Brice Menard and Charles L. Bennett of Johns Hopkins will join the mission, led by The European Space Agency (ESA), which is scheduled to launch in 2020.
NASA, a partner in the mission, recently announced their selection to the research team for Euclid.
A recent announcement about the ESA-NASA partnership stated that Euclid`s telescope and scientific instruments "will map the shape, brightness and 3D distribution of two billion galaxies covering more than a third of the whole sky and looking back over three-quarters of the history of the universe."
"Euclid`s observations will produce a flood of data and will enable an impressive range of investigations," said Menard, a Johns Hopkins assistant professor of physics and astronomy.
"This space telescope will be capable of mapping out a large fraction of the sky. It will provide us with detailed observations of more than a billion galaxies. It`s going to provide a gigantic new dataset. What we need to do now is to come up with strategies for analyzing that much material," he added.
The agencies hope this mapping process will yield important new information about the behavior of dark matter and dark energy. In gathering such data, Bennett said, "We`re trying to learn about the evolution of the universe and fundamental physics. We want to know more about what the universe is made of and how it is changing."
Dark matter and dark energy are now known to be major ingredients in the makeup of the universe.
NASA`s Wilkinson Microwave Anisotropy Probe (WMAP) space mission, led by Bennett, recently determined that the universe is composed of 4.63 (plus or minus 0.24) percent atoms, 23.3 (plus or minus 2.3) percent dark matter and 72.1 (plus or minus 2.5) percent dark energy. Remarkably, several other measurements are consistent, and when data are combined improve the precision.
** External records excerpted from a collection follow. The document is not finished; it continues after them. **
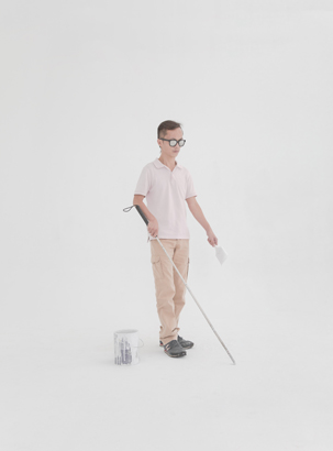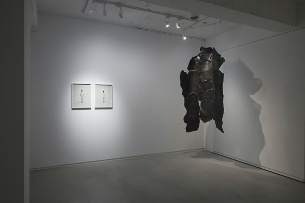 | Photographs and leather, installation. The two photographs introduce the artist as a blind man, painting white in an all-white space. He doesn‘t know that he is in a white space, nor does he know the color of the paint on his hands, he just keeps repeating the action of covering. This is how Niu Jun Qiang sees his situation as a visual artist within the contemporary art world. When the artist was a volunteer at the Institute for the Blind of Taiwan in 2015, he asked twelve blind people, what do they think he looks like? Their feedback was in a non-visual way describing his appearance by sounds, smells and spatial movement. The artist later translated their descriptions to Braille and engraved them on 12 leather pieces, the size equal to his body’s height and width. Like this, the engraved leather pieces became a visible yet unintelligible sculpture for people who can't read the Braille words, whereas only the visually impaired people can "see" beyond the superficial appearance and understand the true meaning of this sculpture by touching. In its dialectic between the visibility and invisibility, the work invites us to reflect on our common notions of an artwork and its appearance. | |
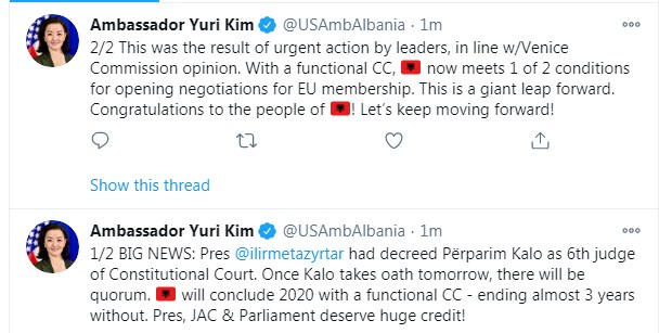 Shqipëria do të përmbyllë vitin 2020 me një Gjykatë Kushtetuese funksionale, duke përfunduar periudha gati 3 vjeçare e mungesës së saj”- shkruan midis të tjerash ambasadorja amerikane.
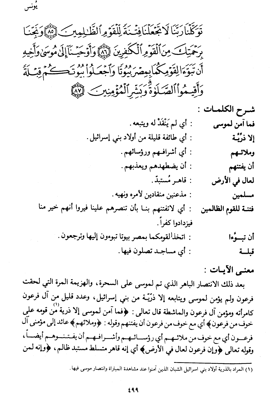 بعد ذلك الانتصار الباهر الذي تم لموسى على السحرة، والهزيمة المرة التي لحقت فرعون ولم يؤمن لموسى ويتابعه إلا ذرّيّة من بني إسرائيل، وعدد قليل من آل فرعون كامرأته ومؤمن آل فرعون والماشطة قال تعالى: {فما آمن لموسى إلا ذرية1 من قومه على خوف من فرعون} أي مع خوف من فرعون أن يفتنهم وقوله: {وملائهم} عائد إلى مؤمنى آل فرعون أي مع خوف من ملائهم أي رؤسائهم وأشرافهم أن يفتنوهم أيضاً، وقوله تعالى {وإن فرعون لعال في الأرض} أي إنه قاهر متسلط مستبد ظالم، {وإنه لمن

However, the identity of the dark matter particles remains a mystery and scientists do not yet understand how dark energy changes with time or how it affects the evolution of the universe. The nature of dark energy has become one of the most fundamental questions in physics today, and scientists hope the upcoming space mission will help provide answers.
"Indeed," said Bennett, "what we call dark energy could be an indication of a failure of Einstein`s theory of gravity, one of the bedrock theories of physics."
"Euclid`s observations will push the exploration of the universe to new limits. Together with European colleagues, Brice and I will begin a multi-year process that could revolutionize our view of the cosmos," he added.